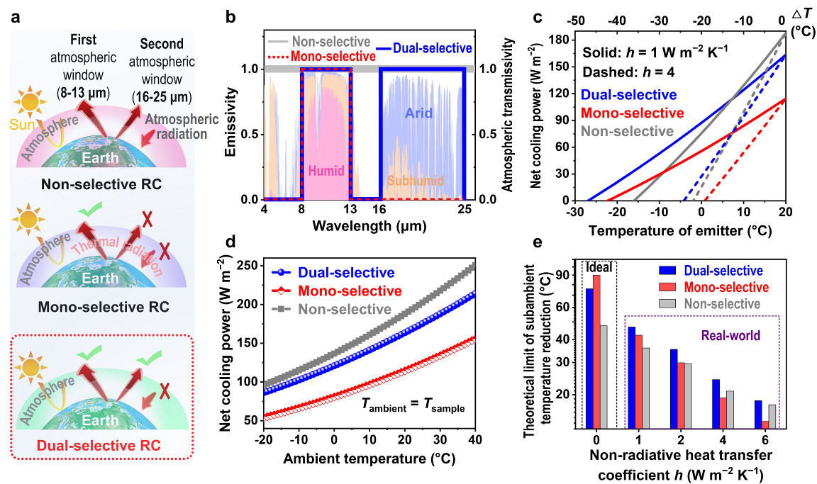 基于此,张如范课题组提出了一种双选择型辐射制冷模型。该模型在两个大气透明窗口波段(8–13μm和16–25μm)均具有高选择性发射率(因此也称为双选择热发射体模型),而在剩余的非窗口中红外波段和太阳光波段均具有很高的反射率(图1a,b)。理论计算表明,这种双选择热发射体模型在干旱的环境中,具有明显优于现有典型辐射制冷设计(非选择型non-selective和单选择型mono-selective热发射体)的亚环境制冷性能(图1c-e)。
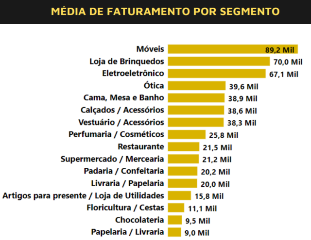 Entre os 16 segmentos pesquisados com maior relevância para o período de promoções, o de móveis, brinquedos e eletrônicos são os que têm o maior ticket médio. Na sequência vêm óticas; cama, mesa e banho; calçados; e vestuários.
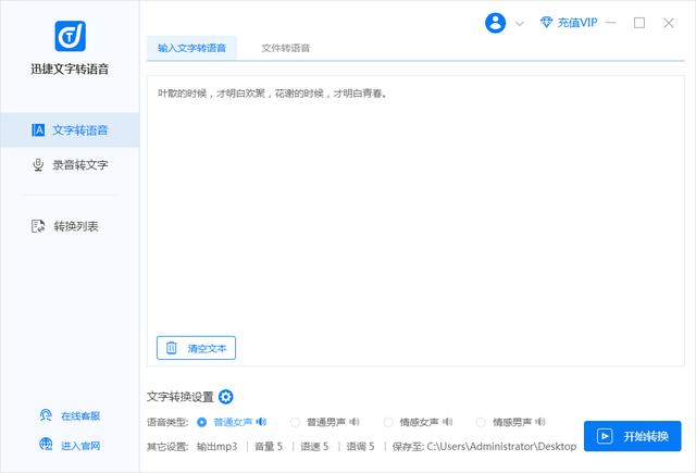 在刚开始尝试使用这款软件的时候,可以先尝试输入一些优美的句子,如小李子比较喜欢的这一句:“叶散的时候,才明白欢聚,花谢的时候,才明白青春。”输入后,点击【开始转换】按钮便可。点击后,小伙伴们便可以看到文字已经成功转换成语音啦。
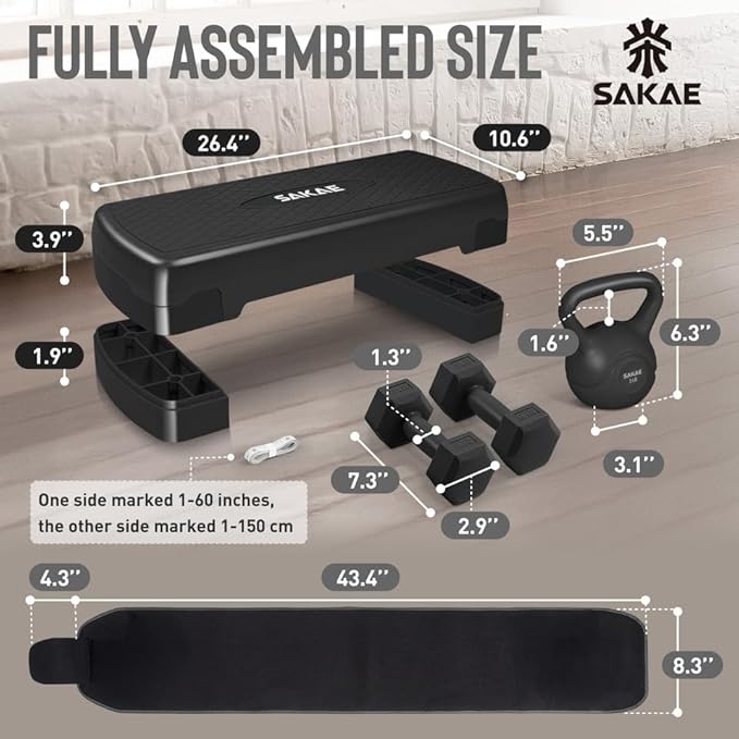 - Multi-Purpose Workout Set: Stepper increases endurance and supports fat-burning routines; includes two 2 LB dumbbells, a 3 LB kettlebell, and a weightlifting belt to add resistance and build strength; measuring tape helps track your fitness progress
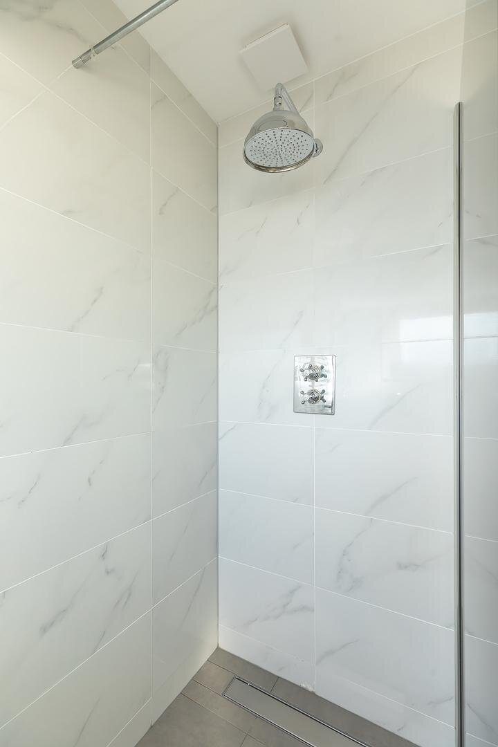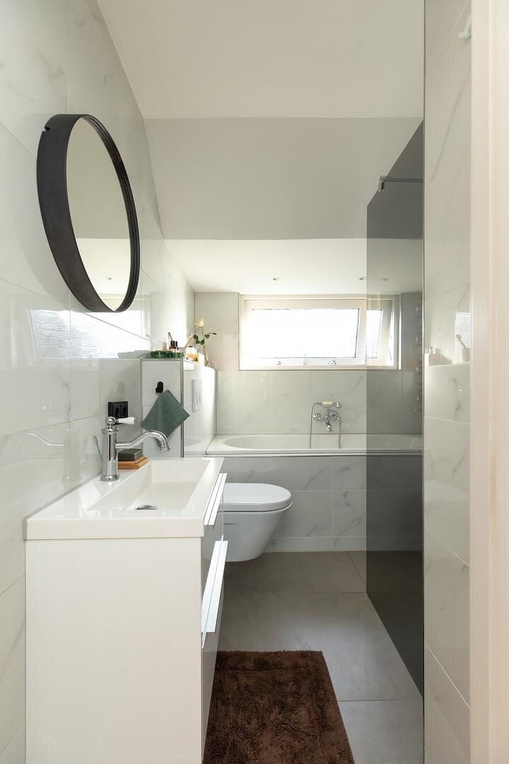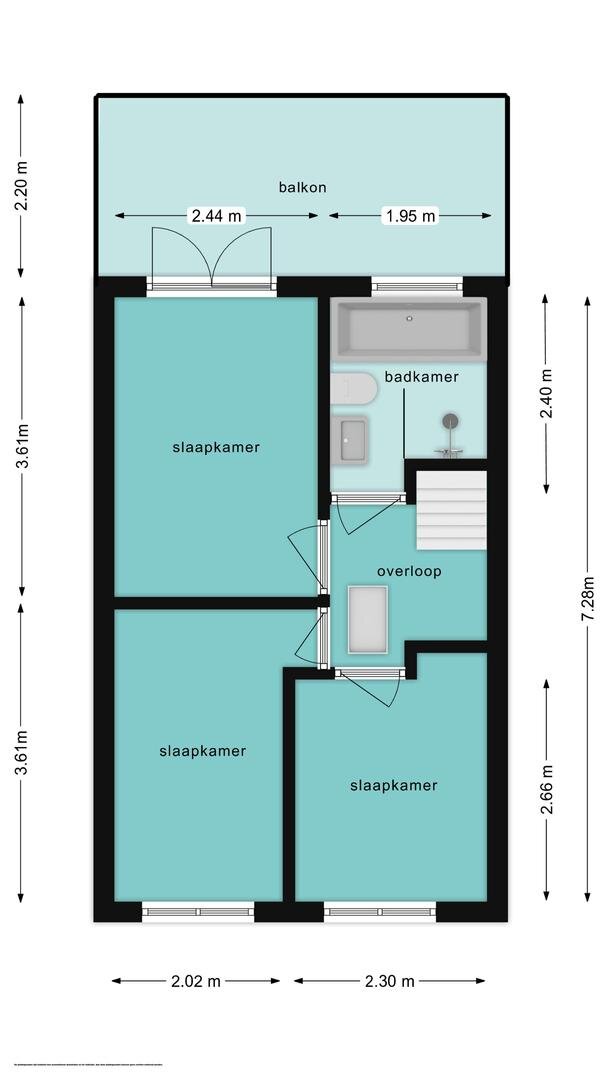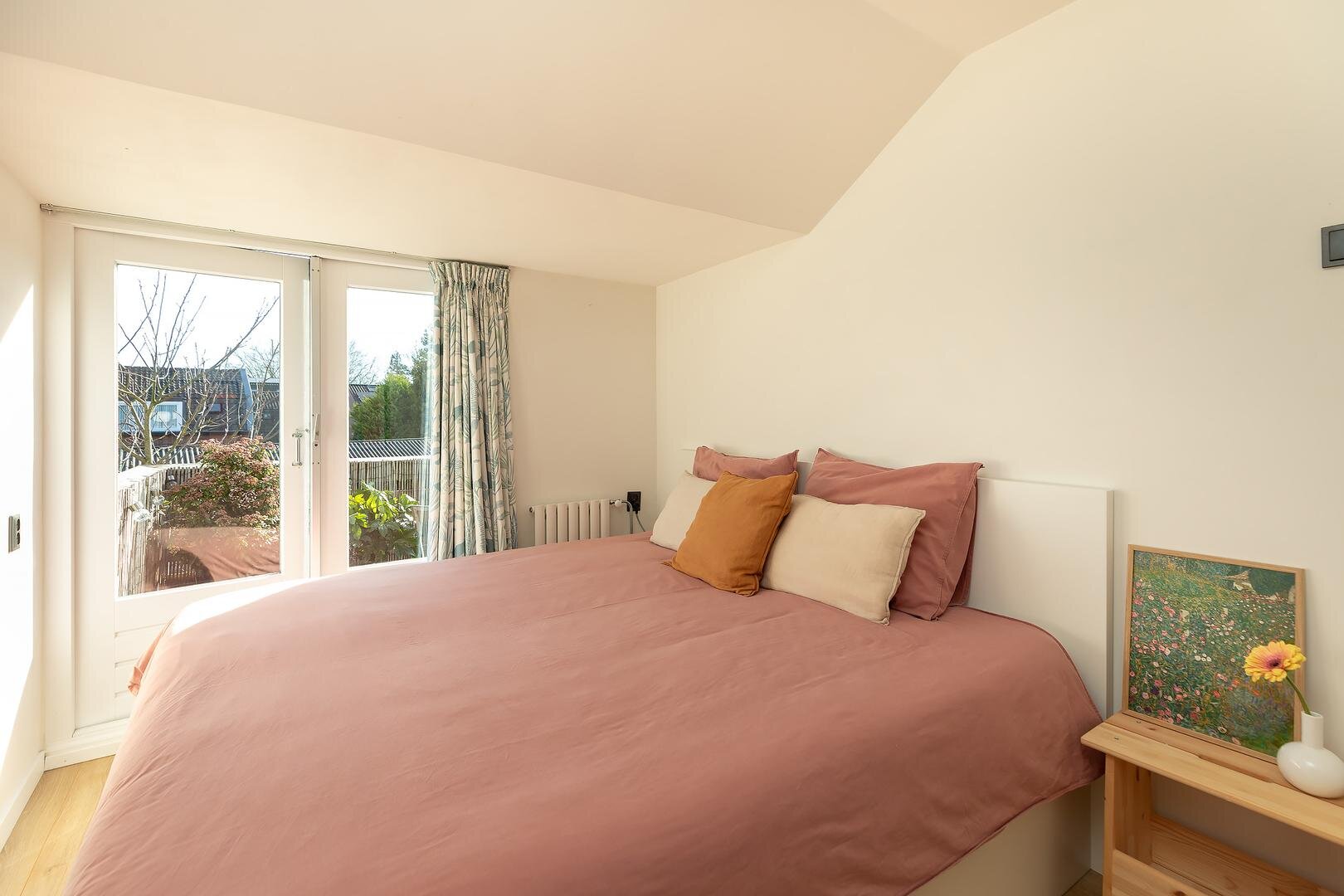overloop, 2 slaapkamers aan de voorzijde en een grotere slaapkamer aan de achterzijde met openslaande deuren naar het balkon. De badkamer is voorzien van een ligbad, douche, toilet en wastafel.

Task directions
Print, exactly and only, the lines running from the line with "在刚开始尝试使用这款软件的时" through the last line of the data, including both. Skip any picture.

Solution for this exercise
 在刚开始尝试使用这款软件的时候,可以先尝试输入一些优美的句子,如小李子比较喜欢的这一句:“叶散的时候,才明白欢聚,花谢的时候,才明白青春。”输入后,点击【开始转换】按钮便可。点击后,小伙伴们便可以看到文字已经成功转换成语音啦。
 - Multi-Purpose Workout Set: Stepper increases endurance and supports fat-burning routines; includes two 2 LB dumbbells, a 3 LB kettlebell, and a weightlifting belt to add resistance and build strength; measuring tape helps track your fitness progress
overloop, 2 slaapkamers aan de voorzijde en een grotere slaapkamer aan de achterzijde met openslaande deuren naar het balkon. De badkamer is voorzien van een ligbad, douche, toilet en wastafel.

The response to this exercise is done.